FUNCTIONAL AND ANATOMICAL REMODELING OF INHIBITORY PALLIDAL INPUTS TO THE SUBTHALAMIC NUCLEUS IN MPTP-TREATED PARKINSONIAN MONKEYS

The subthalamic nucleus (STN) and external globus pallidus (GPe) are reciprocally connected components of the basal ganglia indirect pathway. Altered STN firing patterns following nigrostriatal dopaminergic denervation correlate with the severity of parkinsonism. In rodents with nigrostriatal lesions, the strength of the GABAergic GPe-STN connection increases, with increased number of synapses per GPe terminal, potentially contributing to abnormalities of STN firing in parkinsonism (Fan et al., 2012). We investigated whether similar plasticity also occurs in parkinsonian monkeys. We examined the responses of STN neurons to electrical GPe stimulation in two awake monkeys using extracellular electrophysiologic recordings before and after MPTP-induced parkinsonism. GPe stimulation (bipolar, 500 μA, 100 μs/phase, 1 mm contact separation) elicited a significant modulation of STN local field potentials (LFPs) under normal conditions.
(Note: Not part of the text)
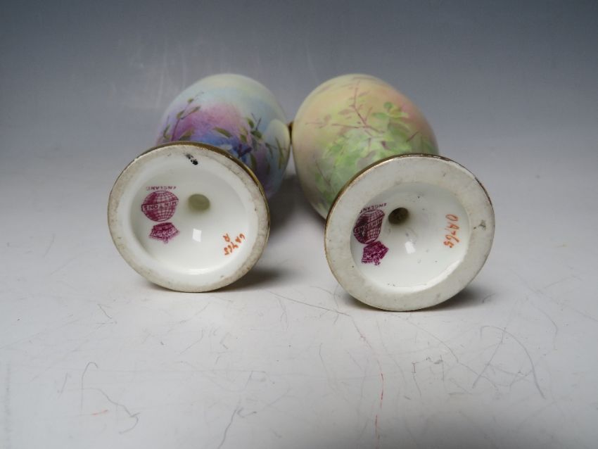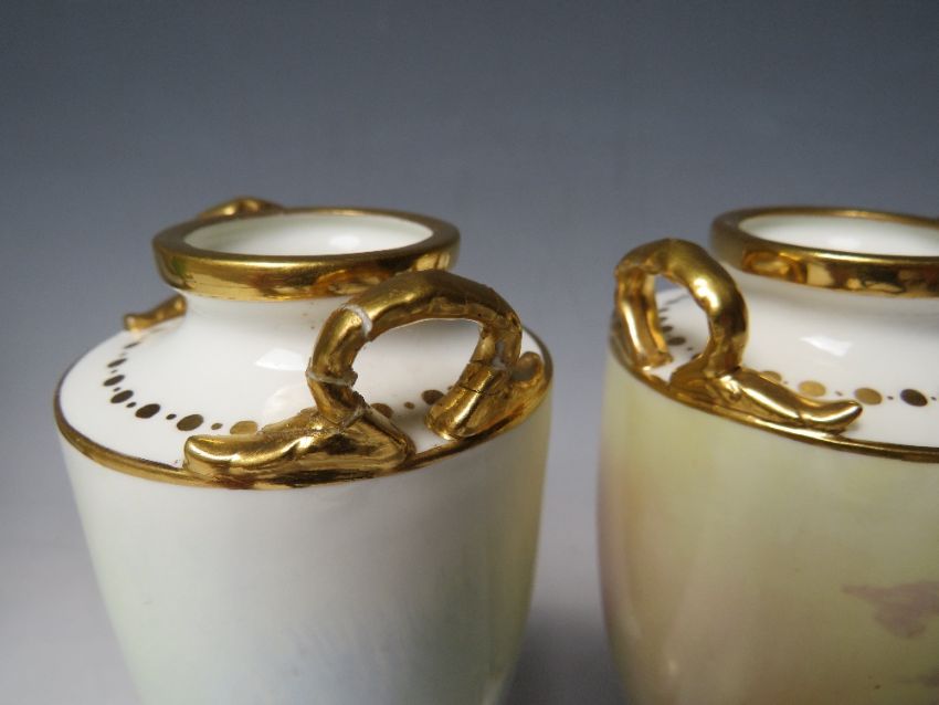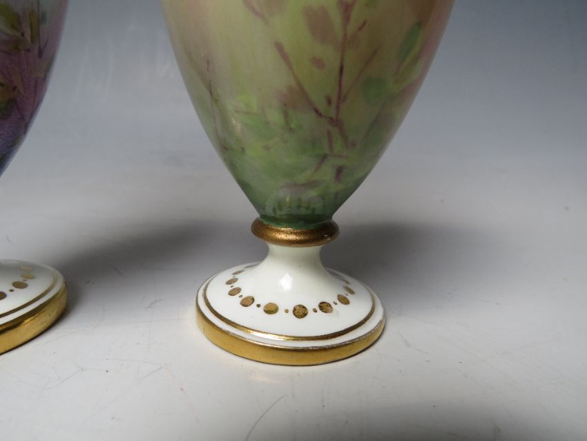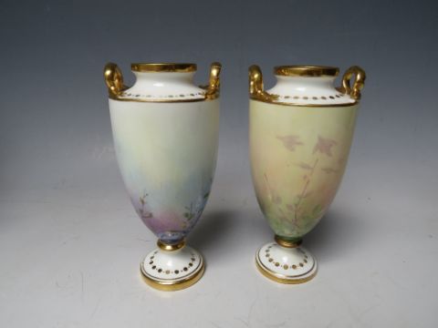 A SMALL PAIR OF MINTONS CABINET VASES, each decorated with game birds, both signed by J E Dean, printed mark to the bases, H 12.3 cm (2) S/D

After MPTP, LFP modulations were delayed and prolonged. Confocal fluorescence microscopy of STN tissue from our primate brain bank (three healthy and three parkinsonian animals) showed no significant changes in the density of GABAergic terminals in the STN. 3D electron microscopic reconstructions of 45 and 52 putative GABAergic pallidal terminals in STN tissue of two control and two parkinsonian monkeys, respectively allowed us to quantify terminal volumes, synaptic flat areas, and mitochondrial number and size. Parkinsonian monkeys showed significantly smaller average GPe terminal volumes but larger and complex postsynaptic flat areas than controls. These findings suggest that MPTP treatment induces functional and morphological changes of GPe-STN terminals in non-human primates potentially contributing to altered STN responses to GPe inputs in parkinsonism.